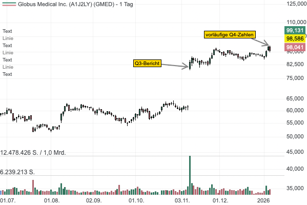 Am 7. Januar gab Globus Medical seine vorläufigen Zahlen für das 4. Quartal bekannt. Und wow, die bilden einen wirklich starken Abschluss des Jahres 2025! Der Umsatz liegt mit 823 Mio. USD deutlich über den erwarteten 778 Mio. USD. Das entspricht einem Umsatzwachstum von 25,2 %. Für das Fiskaljahr 2026 wurde der Ausblick beim Umsatz und Gewinn deutlich angehoben.
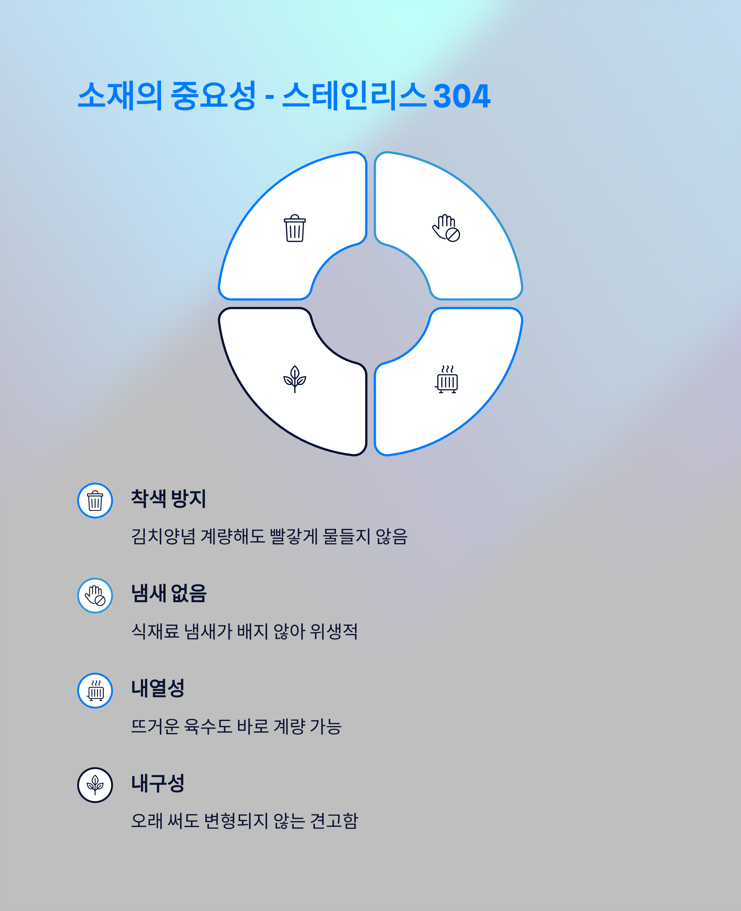 2. 스테인리스 304 소재, 위생과 내구성 차이
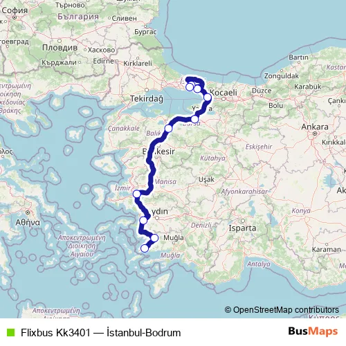 The first stop of the Flixbus Kk3401 bus route is Bodrum bus station and the last stop is İstanbul Esenler bus station. Flixbus Kk3401 (İstanbul-Bodrum) is operational during her gün.
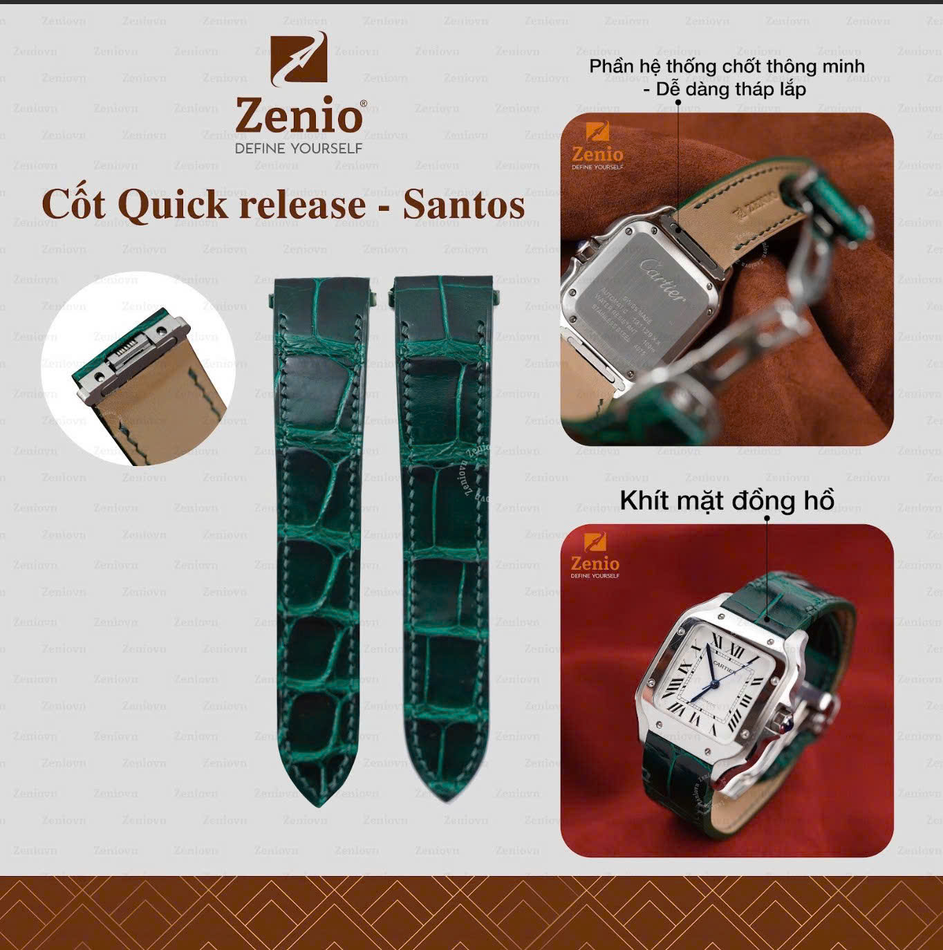 Khi chọn dây cho Cartier Santos, việc xác định đúng size dây, loại khóa và hệ thống cốt Quick Release là bước đầu tiên để đảm bảo dây đeo lắp vừa vặn và giữ được form đẹp trên cổ tay.
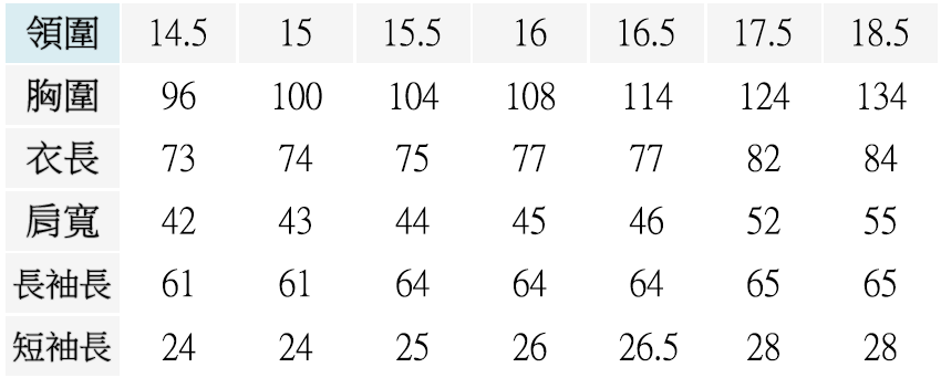 胸圍、衣長、肩寬、長袖長)、短袖長皆為公分
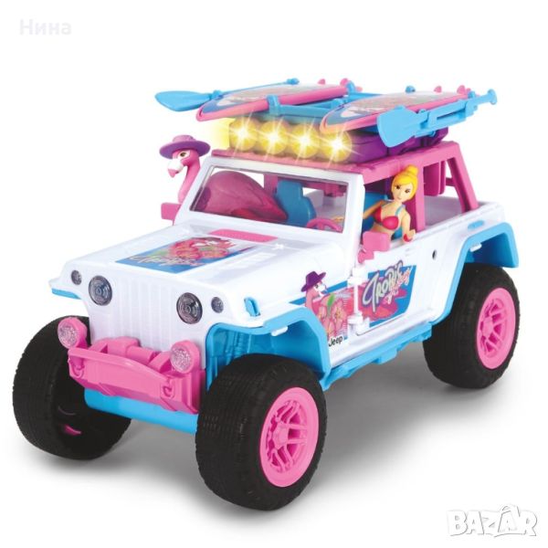 Автомобил Dickie Jeep Flamingo + Фигура, 22 см, Светлинни и звукови ефекти, Мащаб 1:24

### Task
Starting with the first line of the data, transcribe every line exactly through the one containing "The first stop". No pictures go in.

### Answer below
 Am 7. Januar gab Globus Medical seine vorläufigen Zahlen für das 4. Quartal bekannt. Und wow, die bilden einen wirklich starken Abschluss des Jahres 2025! Der Umsatz liegt mit 823 Mio. USD deutlich über den erwarteten 778 Mio. USD. Das entspricht einem Umsatzwachstum von 25,2 %. Für das Fiskaljahr 2026 wurde der Ausblick beim Umsatz und Gewinn deutlich angehoben.
 2. 스테인리스 304 소재, 위생과 내구성 차이
 The first stop of the Flixbus Kk3401 bus route is Bodrum bus station and the last stop is İstanbul Esenler bus station. Flixbus Kk3401 (İstanbul-Bodrum) is operational during her gün.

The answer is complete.